Haneden soyundan gelen biri olarak nasıl hayatınız? Hiç farklı bir hayatım yoktu. Dedem çok mütevazıydı, Allah rahmet eylesin. Dedem, “Sen şunun şunun çocuğusun, bu şekilde davranmak zorundasın”dan ziyade “Sen bir bireysin, sen Roksan Kunter’sin, hanımefendi bir kızın davranması gerektiği gibi davranmalısın” derdi. Biz Harem’de ya da Hanedan’ın, Osmanlı çocuklarının yetiştiği şekilde yetişmedik. Ancak her zaman o zarafeti ve görgüyü vermeye çalıştılar, verdiler de. Osmanlı evde konuşulmazdı bile. Babam ciddi Atatürkçüdür. Bizim evin içerisinde hep Atatürk konuşuldu. Ne dedem ne annem bundan gocundu. Normal, sıradan bir hayatımız oldu.
Osmanlı torunu olmanın avantajları olmadı mı? Sadece ailemle gurur duyuyorum. Bunu içimde yaşıyorum. İlla Osmanlı olması gerekmiyor, dedeme şahsıyla, duruşuyla, mütevazılığıyla sahip olduğum için çok şanslıyım. Hiçbir zaman hırsı olmadı. Tanınması gereken bir adamdı.
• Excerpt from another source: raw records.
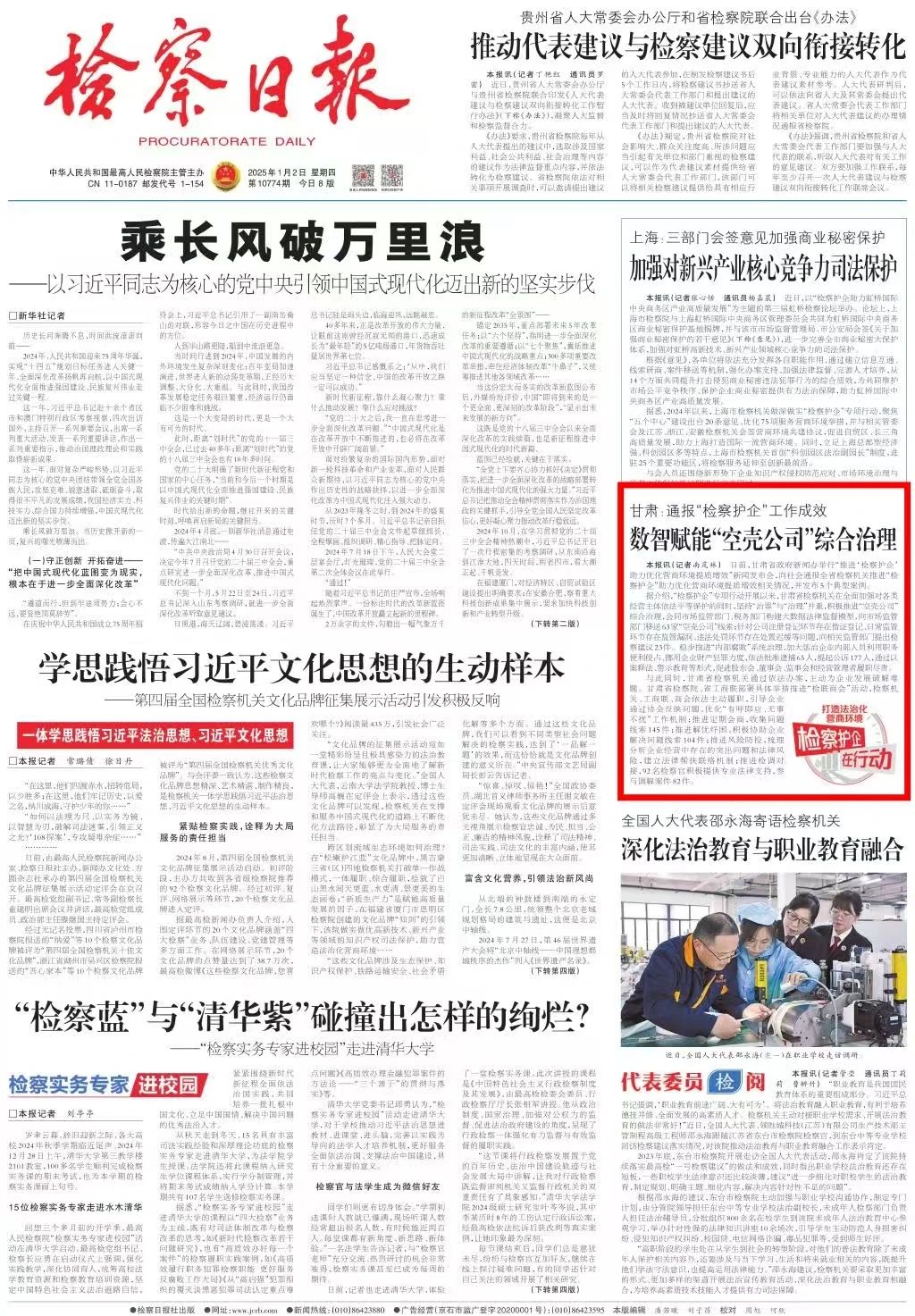 2025年1月2日,检察日报头版刊发《甘肃:通报“检察护企”工作成效——数智赋能“空壳公司”综合治理》。
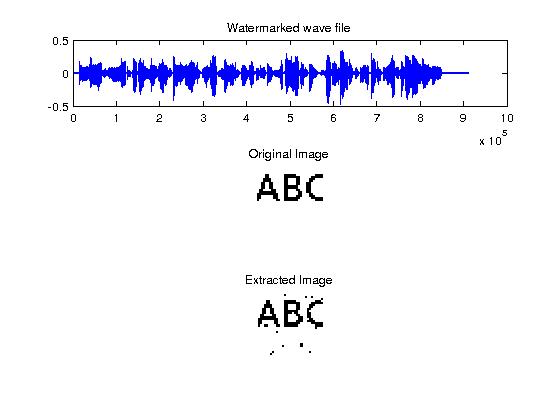 First the wav and bmp files are read, and stored in an array,then wavelet decomposition is done, the image array is embedded in the wavelet coefficients, then the output of the modified wav is plotted and after that the error between the original and watermarked is plotted, during the program execution both the files are played, and there is no audible difference between the two.
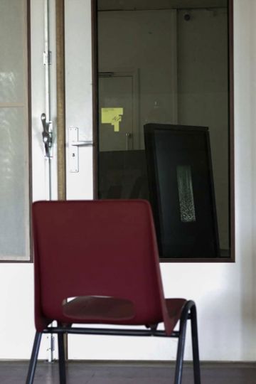 "Water reflections are never static, its fluid form constantly plays with the light in new and totally unique ways. Trying to capture this process naturally leads to an imperfect representation. Embracing this, ‘a puddle of water held in shape by my thoughts’ plays with the materiality of the digital image with the border between digital grain and the movement of the water constantly blurring. This ongoing research project consists of clips recorded over the last two years. - During the Leaving Space exhibition (2024) the work was presented as an installation using an old LCD screen, a wash-stool and other spacial elements. The space where the screen was installed could only be observed from the outside through the glass doors but not entered.
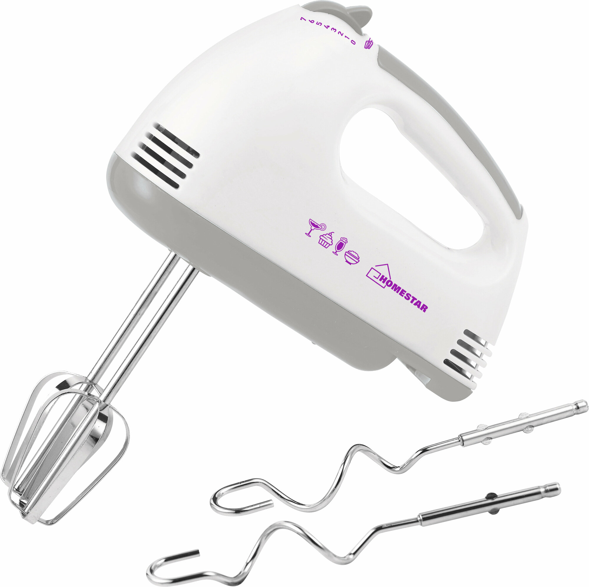 Миксер Homestar, арт. HS-2004, белый/серый, 7 скоростей, 100Вт
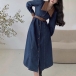 Fashion Artificial Leather PU Spliced Collar Long Sleeve Front Button Denim Dress with Belt
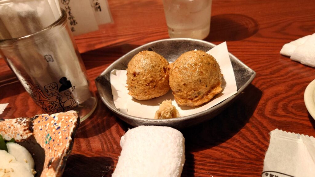 たこのすり身揚げはたこ焼きのような形。
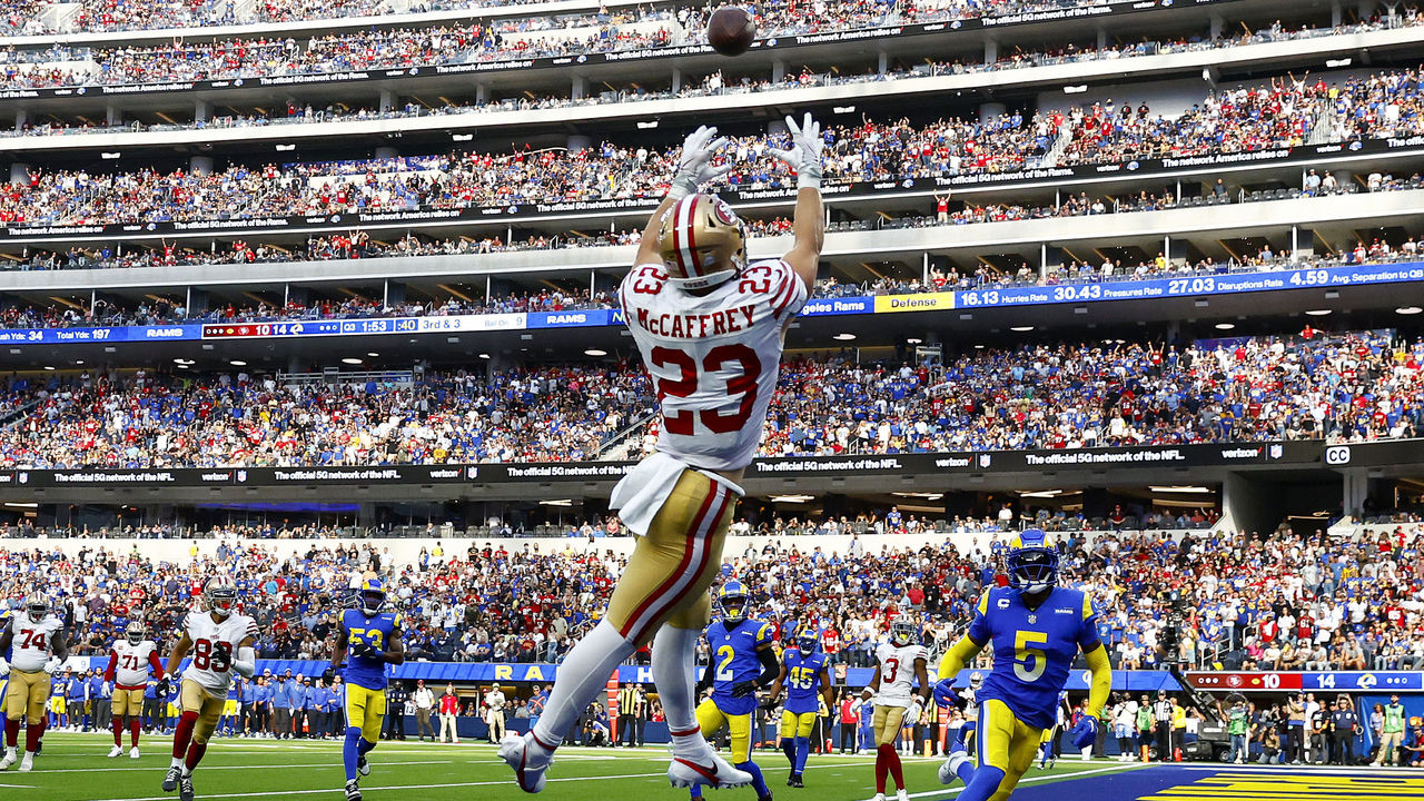 That's exactly why you trade all those picks. Christian McCaffrey offered a glimpse into the immense value he could provide for Kyle Shanahan's offense, torching the Rams for 94 yards and a touchdown on the ground, 55 yards and a touchdown as a receiver, and even throwing a 34-yard score for the LaDainian Tomlinson-esque trifecta. He was by far the best playmaker on the field for either team in a convincing win over Los Angeles. And he's probably only getting started. This offense is going to be a nightmare to defend when Deebo Samuel gets healthy and McCaffrey is fully immersed in the system.

Ayrıcalıklı olduğunuzu düşünmediniz mi? Ayrıcalıklı olduğumu düşünmedim. Tam tersine, herkesten daha dikkatli olmak zorundaydım, hep onunla yaşıyorum. Aileme karşı sorumluluğumdan dolayı, her yaptığım hareketi, bir insan üç kere düşünüyorsa ben 33 kere düşünmek zorundayım. Herkesin gözü üzerimizde. Dedem her zaman şunu söylemiştir; “Bize hiçbir zaman laf getirmeyin, başımı yere eğmeyin!” Belki bunu teyzelerime söylemiştir ama kulağıma her zaman küpe olmuştur bu sözler.
Dedeniz başka ne öğütlerdi? Hep kendi ayaklarımın üzerinde durmayı öğütledi: “Kendi hayatını kur, birey ol, insanlar seni yönlendirmesin. Kendi hayatını kazan. Nasıl mutlu olmak istiyorsan öyle yaşa!”